In time, they left the central plateau's moderate climate behind for the dense heat of the lowlands. The increasingly long stretches between towns—flanked by vast cane fields, massive volcanoes looming in the distance—seemed eerily desolate in the cloudless moonlight. Random stabs at chat got strangled quickly by the tense mood, so they switched on the Haydn and said nothing, mile after mile. Finally, just before midnight, they pulled up to the gate at Villas de Miramonte.

Consuela had let the night guard know they'd be coming, and the old man rose from his rickety chair outside the tiny clapboard shack to wave the Mercedes in with the
novela policiaca
he'd been reading, giving them not so much as a second glance. How diligent, Jude thought, wondering how many strangers, on any given day, just talked their way inside.

Consuela lived on a cul-de-sac named Senda Numero 6, down which the plain two-story row houses lined up chockablock, one nudged tight against the other, to the end. No places for someone to lurk, waiting. Finally, Jude thought, some good news.

While Axel telephoned Consuela from his cell to inform her they'd arrived, Carlos pulled to the end of the street, then circled back so the passenger-side door opened directly toward her house. Jude told Axel to wait, then got out. Carlos, as always, locked the doors behind him.

Jude checked the street in both directions, seeing no one, not even a face at a curtain, though given the darkness someone could have been staring straight at him from a window and he might not have known. The night was still and hot. In the far distance, a glimmer of light came and went too quickly to pinpoint. It didn't reappear.

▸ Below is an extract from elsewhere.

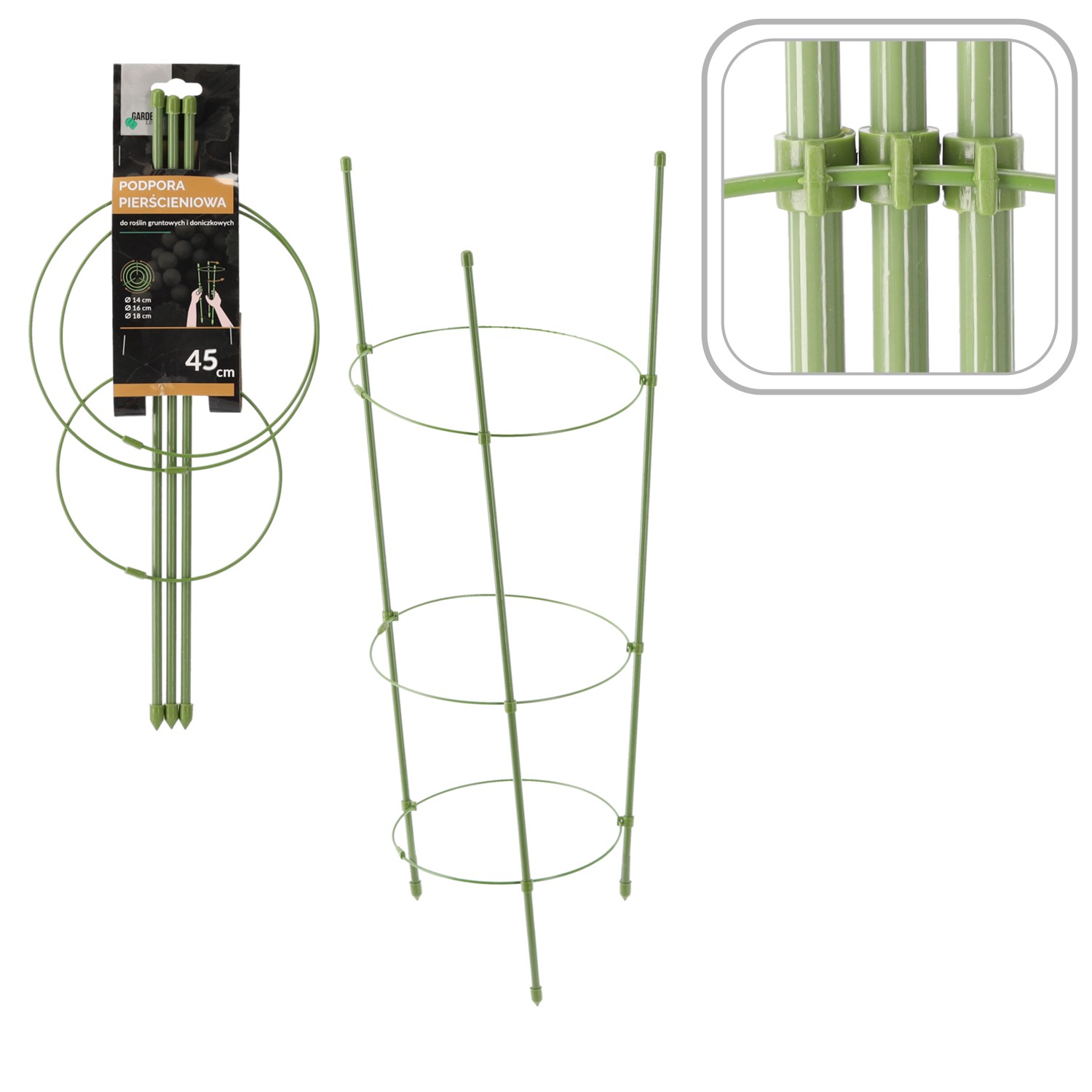 Кольцевая опора с столбиками является отличным решением для комнатных растений и клумб. Благодаря прочному металлическому исполнению и пластиковому покрытию она очень устойчива к повреждениям и неблагоприятным погодным условиям, а благодаря зеленому цвету становится практически незаметной на фоне растений. Полезна, в частности, при выращивании: американской голубики, гортензии. Предотвращает «лежание» растения и обеспечивает его гармоничный рост. Кольцевая опора может быть интересной альтернативой различным типам одиночных кольев. Зеленый цвет продукта идеально сочетается с растениями, а также служит украшением садов. Опору следует установить в землю рядом с растением и привязать к ней стебель, таким образом обеспечив отличную стабилизацию и защиту от поломки даже в ветреную погоду.

He stepped to Consuela's door and knocked softly. She greeted him wearing a white cotton dress and a tight smile, explaining straightaway in a hushed voice that Oscar and his mother were upstairs. Eileen had dropped them off earlier. They'd left the house where they'd been staying without incident, and she'd felt confident they hadn't been followed. Needing to get back to where she was staying, though, she'd headed off about an hour ago, saying she'd call Jude's cell phone if she sensed any trouble.